What the task asks
From the entries below, print exactly the span beginning with the line holding "The human element" and ending with the line holding "中材:フェルト15mm 裏:連結用ジョイント付(滑りにくい) |", endpoints included, and skip any pictures.

Input records
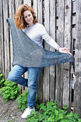 The shawl is an asymmetric triangle and is reversible, textured and coloured. With clean lines and an easy knit, it’s a great way to spice up your wardrobe.
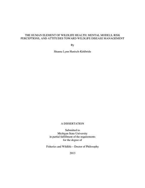 The human element of wildlife health : mental models, risk perceptions, and attitudes toward wildlife disease management
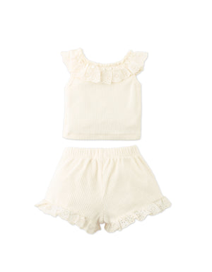 BABY CINDY RIBBED SHORT SET WITH SCALLOPED DETAILS
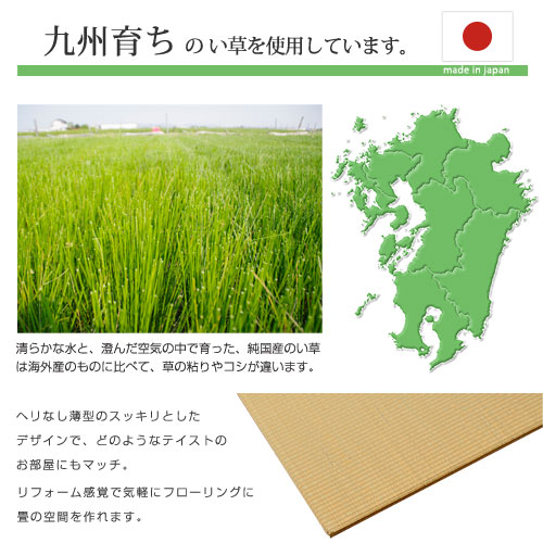 | 商品仕様 | 表地:い草(九州産) ※二・二目織 中材:フェルト15mm 裏:連結用ジョイント付(滑りにくい) |
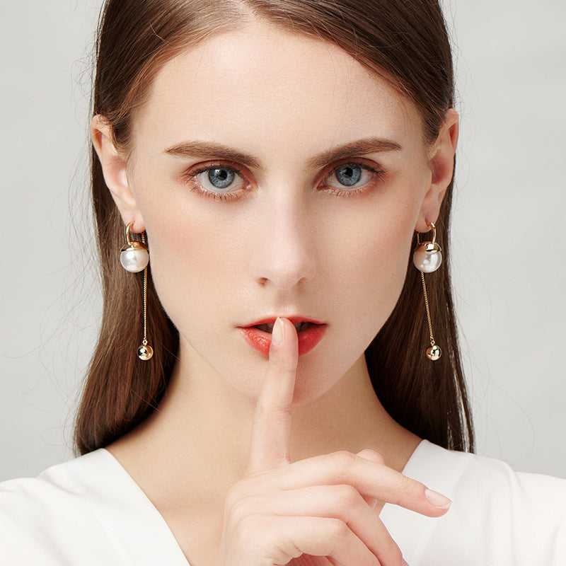 Crafted to be versatile, these earrings are perfect for both day wear and evening attire, adding a subtle hint of luxury to any outfit. Whether you're attending a formal event or dressing up for a casual day, the "Pearl Pendulum Earrings" are sure to turn heads and start conversations.
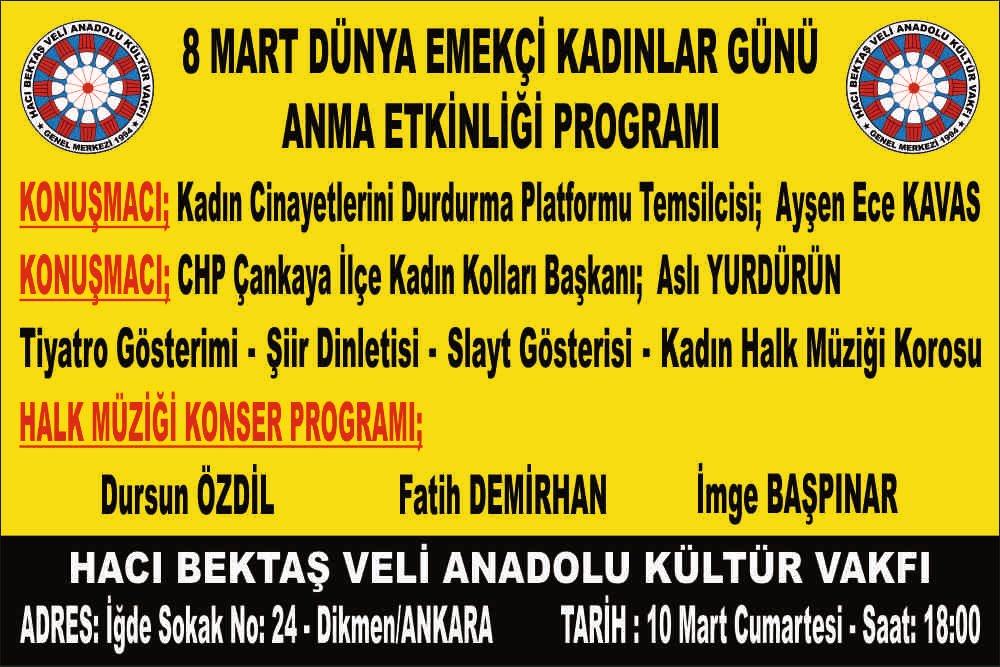 Hacı Bektaş Veli Anadolu Kültür Vakfı (HBVAKV) Dünya Emekçi Kadınlar Günü dolayısıyla anma etkinliği düzenliyor.
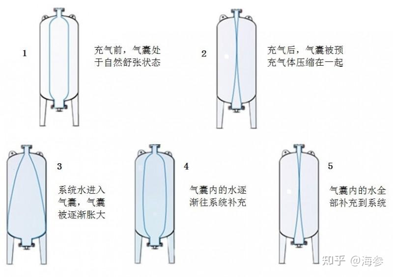 从上图可以看出,当具备压力的水冲入稳压罐的时候,胶囊是逐渐被压缩的,胶囊被压缩的空间就是储水的容积,当胶囊不能被再压缩的时水泵自动停机,如果有小流量用水的情况下,气压罐就可以实现出水的过程,只有待胶囊完全膨胀回来后管道压力才会有明显变化,这就是稳压罐的稳压过程,整个过程就是借助水不可压缩和气体可压缩这个特征来实现的。

Written response
 The human element of wildlife health : mental models, risk perceptions, and attitudes toward wildlife disease management
 BABY CINDY RIBBED SHORT SET WITH SCALLOPED DETAILS
 | 商品仕様 | 表地:い草(九州産) ※二・二目織 中材:フェルト15mm 裏:連結用ジョイント付(滑りにくい) |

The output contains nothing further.